## [ACTIVITY]
Please, without any pictures, set down exactly the part of the listing below that opens with the line containing "Visually stunning, yet" and closes with the line containing "为了扩大财政、货币宽松托底经".

(MATERIAL PROVIDED Opens)

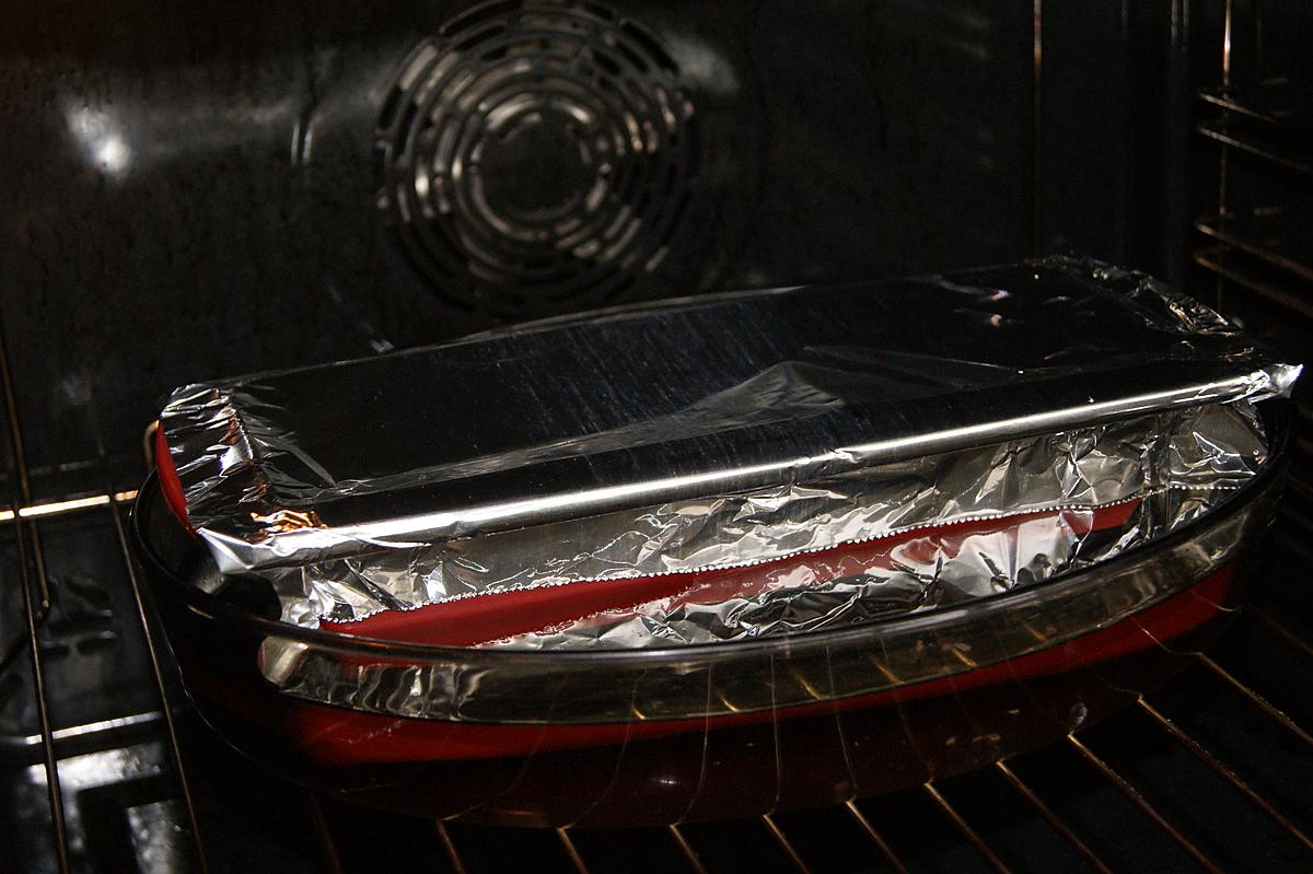 Puis prendre un plat plus grand que le moule à cake, afin de pouvoir mettre de l’eau à mi-hauteur et le moule à cake dedans. Pour faire une cuisson au bain marie au four.
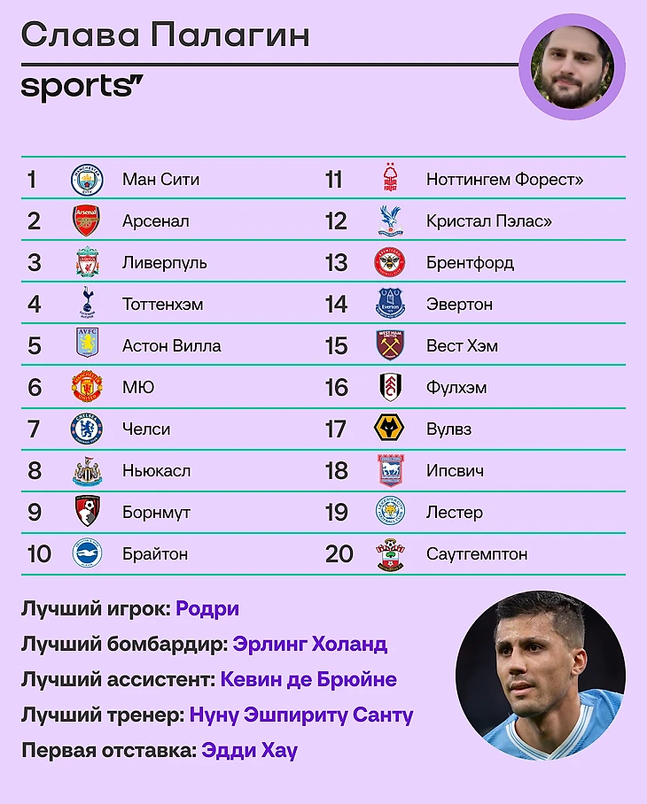 Лучший тренер: Нуну Эшпириту Санту («Ноттингем Форест»). Обычно признают тренера-победителя. Поэтому скорее всего либо Пеп, либо Артета. По-моему, слишком скучно, так что поменяю ТЗ и выберу тренера, который сильнее всего превзойдет достижение прошлого сезона. Мой фаворит – Нуну. Португалец спас «Ноттингем Форест» только за тур до конца, но команда уже построена по его образцу. Отражение – восьмое место по ожидаемым очкам после прихода португальца: выше «Астон Виллы» и «МЮ» и почти наравне с «Тоттенхэмом». Можно ожидать скачка и с учетом этих вводных, и с учетом предсезонки (к прошлому сезону команду готовил Стив Купер).
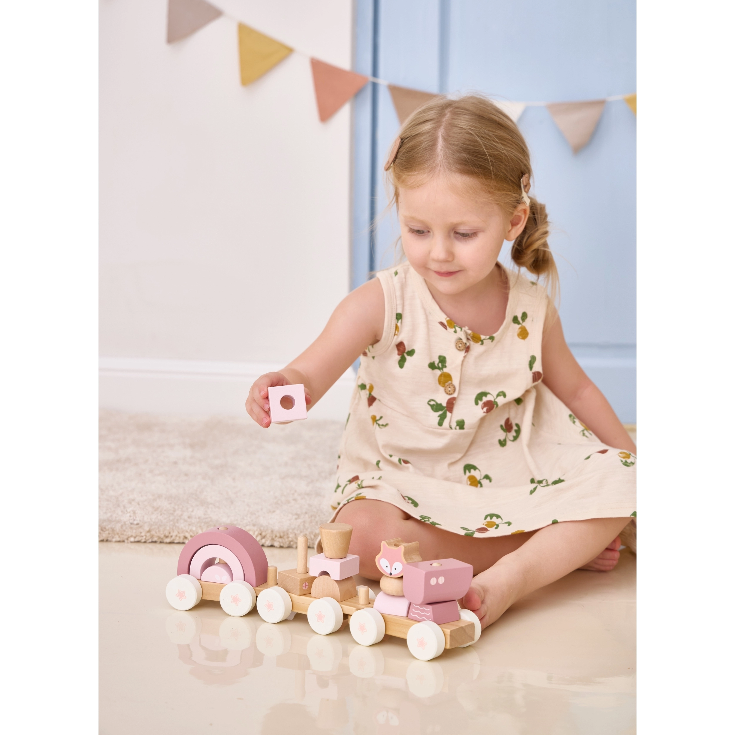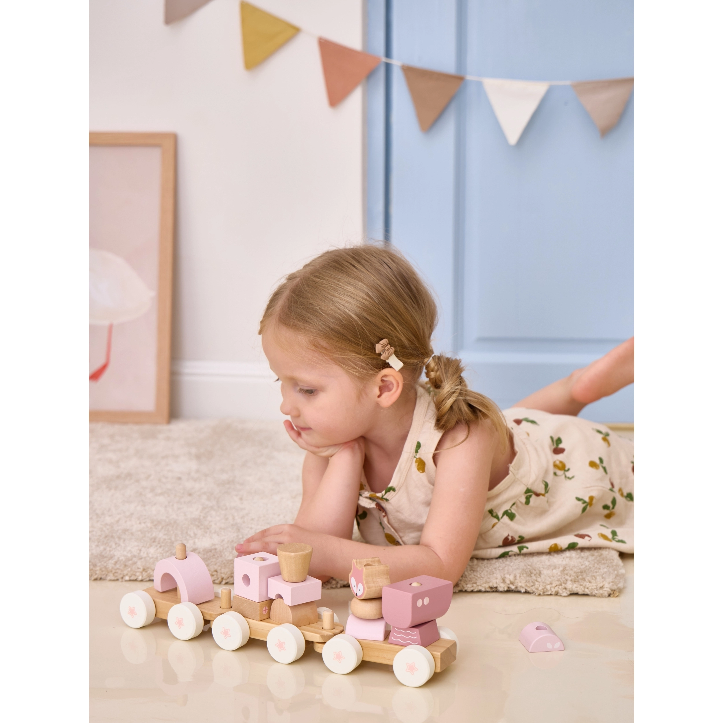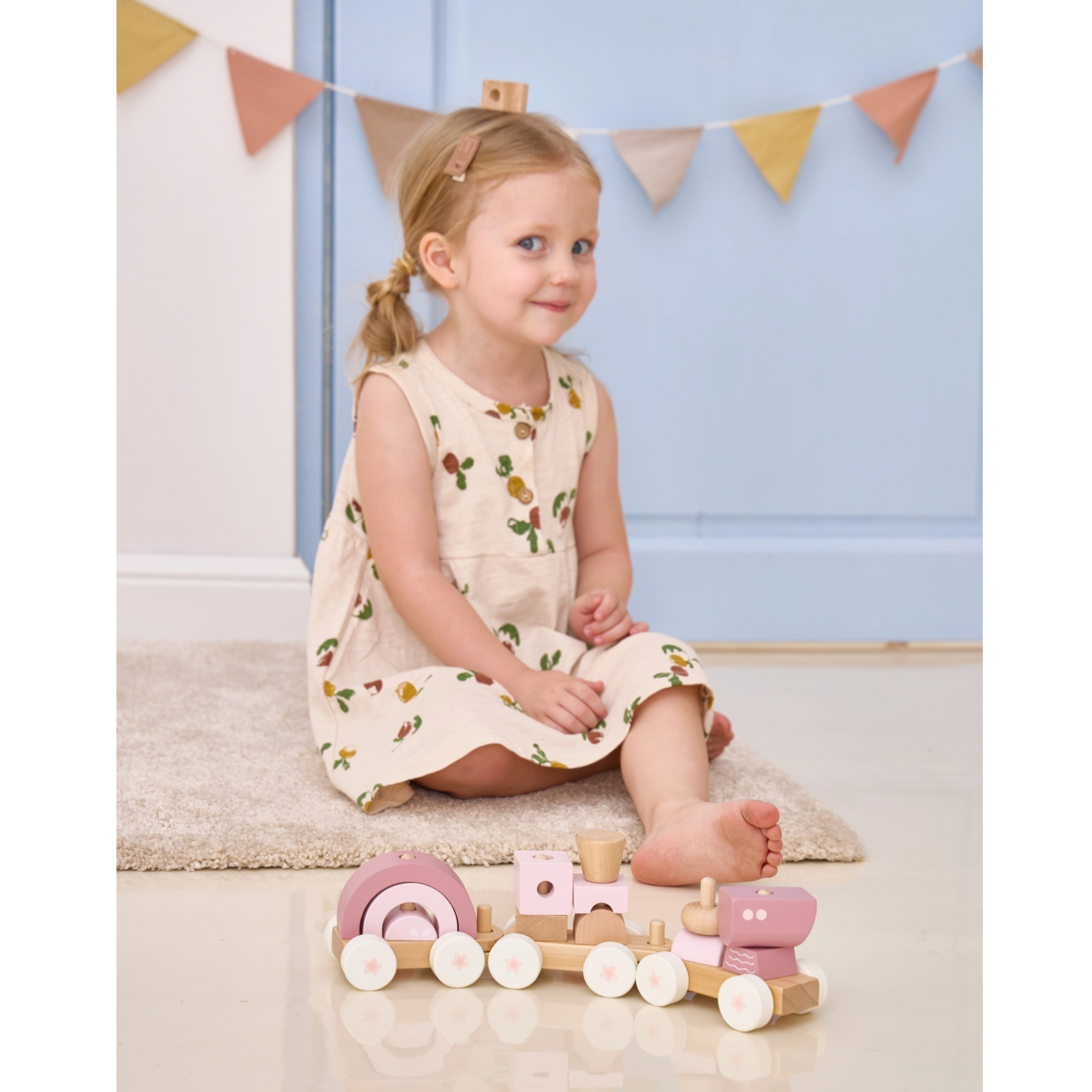 Armas roosa puidust rong kaubamärgi Viga sarjast PolarB rõõmustab iga last. Komplektis on 3 vagunit ja 14 klotsi eri kujudes, mida saab vabalt kombineerida ja laduda. Tänu õrnadele pastelltoonidele, turvalisele puidust teostusele ja meeldivatele vormidele on see ideaalne peenmotoorika, koordinatsiooni ja loovuse arendamiseks alates 18. elukuust.
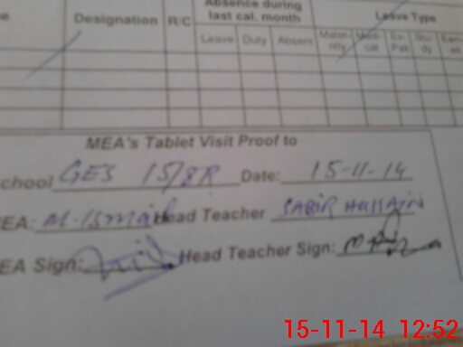 | Attendance Register | Head Teacher | MEA with School | Visit Proof |
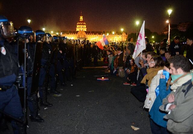 Los manifestantes lanzaron todo tipo de objetos, desde barreras de seguridad hasta botellas de cerveza, contra los policías, que utilizó abundantes gases lacrimógenos en las escaramuzas en los alrededores de la explanada de los Inválidos, en París.
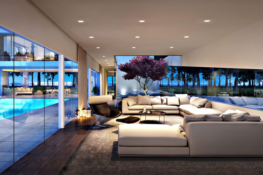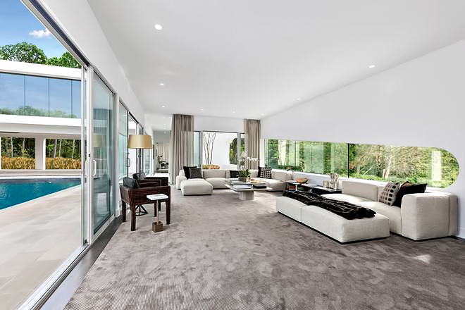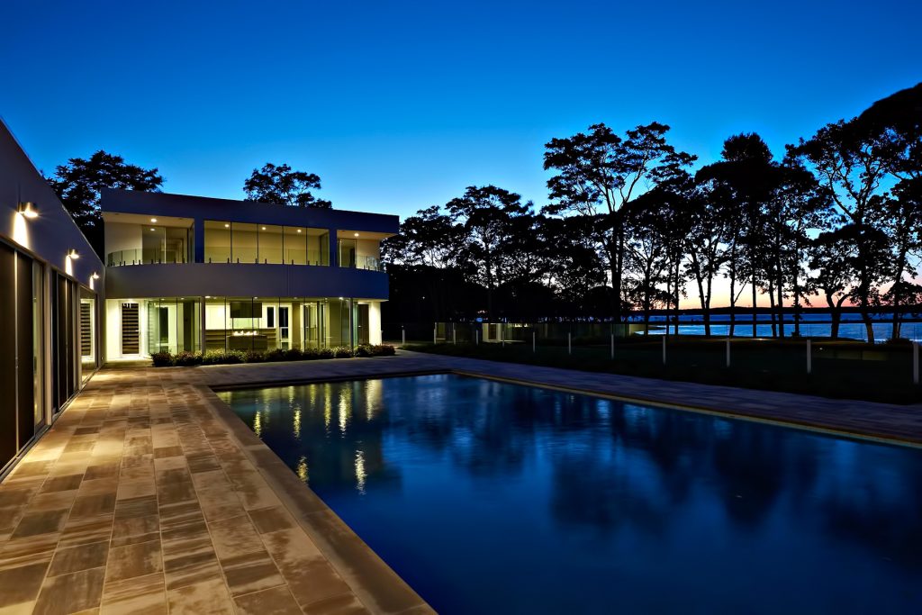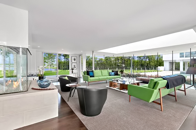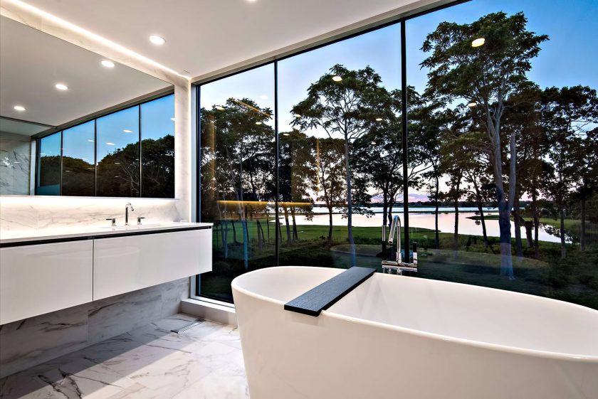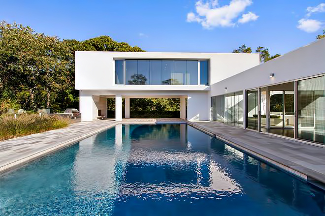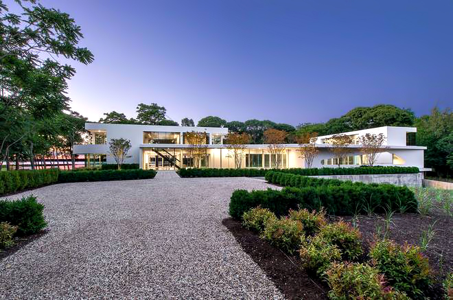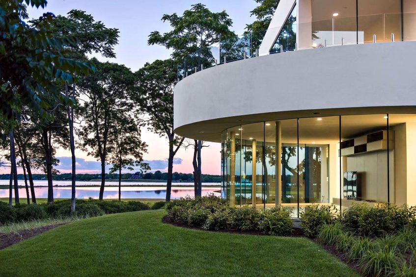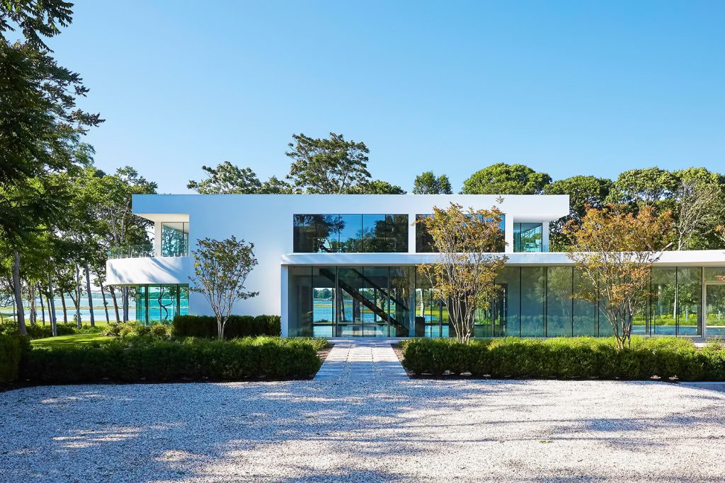 Visually stunning, yet elegantly simple in design, this North Haven luxury waterfront residence is a masterful elucidation of clean modernist architecture that brings together indoor and outdoor spaces with overlapping forms to create a casual element of luxury within the serenity of its panoramic location. Through a feat of inspired engineering, the structures seem to float above the landscape, while over 500 linear feet of glass frame the beauty, tranquility and openness of the waterfront.
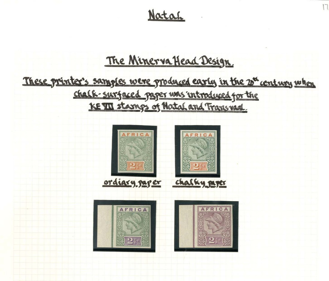 2½d. in orange and green, dull mauve and violet and green and violet, all on unsurfaced paper, and 2½d, in green and orange on surfaced paper, two marginal, fine
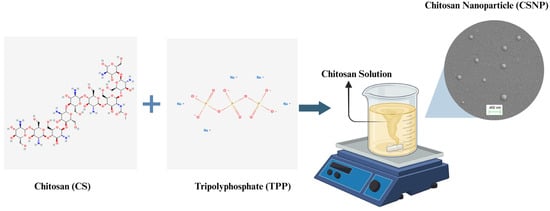 In the initial stage of the study, solutions containing varying concentrations of CS and sodium TPP were prepared to optimize the nanoparticle formulation. The optimization process aimed to identify the optimal parameters for CSNP production by evaluating different CS:TPP ratios and process conditions. The parameters utilized for CSNP production are summarized in Table 1, providing a comprehensive overview of the experimental design. To facilitate a better understanding of the CSNP production process, a schematic representation is provided in Figure 1, illustrating the key steps involved in the preparation of chitosan nanoparticles via the ionic gelation method.
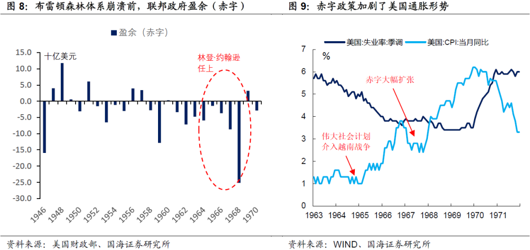 为了扩大财政、货币宽松托底经济的空间,并以货币贬值促进出口,解除金本位制度施加的桎梏,1971年尼克松单方面宣布放弃金本位,布雷顿森林体系崩溃。
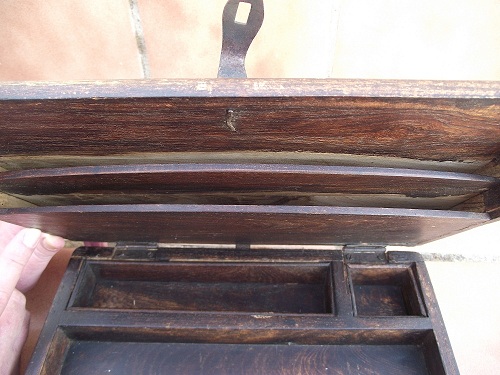 Pero hay más: la parte anterior también se abre para servir como una pequeña superficie de apoyo, supongo que los pobres administradores a veces tendrían que resolver los asuntos sobre sus rodillas, en el campo o vete a saber dónde y esta superficie extra para apoyar les venía muy bien. Eso resolvía el misterio de que estuviesen las bisagras y el cierre en el mismo lado de la caja.
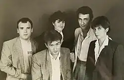 King and Gill founded the band in 1976 in Leeds,[1] the two were joined by drummer Hugo Burnham and bass guitarist Dave Wolfson.[2] After two or three gigs,[2] Wolfson was replaced by Dave Allen.[3] After releasing two albums, Allen left in 1981. He was temporarily replaced by Busta "Cherry" Jones,[4] before Sara Lee joined as a permanent replacement. Burnham left in 1983, his replacement was Steve Goulding.[5] The band broke up in 1984.[6]

(MATERIAL PROVIDED Closes)

## [SOLVED PROBLEM]
 Visually stunning, yet elegantly simple in design, this North Haven luxury waterfront residence is a masterful elucidation of clean modernist architecture that brings together indoor and outdoor spaces with overlapping forms to create a casual element of luxury within the serenity of its panoramic location. Through a feat of inspired engineering, the structures seem to float above the landscape, while over 500 linear feet of glass frame the beauty, tranquility and openness of the waterfront.
 2½d. in orange and green, dull mauve and violet and green and violet, all on unsurfaced paper, and 2½d, in green and orange on surfaced paper, two marginal, fine
 In the initial stage of the study, solutions containing varying concentrations of CS and sodium TPP were prepared to optimize the nanoparticle formulation. The optimization process aimed to identify the optimal parameters for CSNP production by evaluating different CS:TPP ratios and process conditions. The parameters utilized for CSNP production are summarized in Table 1, providing a comprehensive overview of the experimental design. To facilitate a better understanding of the CSNP production process, a schematic representation is provided in Figure 1, illustrating the key steps involved in the preparation of chitosan nanoparticles via the ionic gelation method.
 为了扩大财政、货币宽松托底经济的空间,并以货币贬值促进出口,解除金本位制度施加的桎梏,1971年尼克松单方面宣布放弃金本位,布雷顿森林体系崩溃。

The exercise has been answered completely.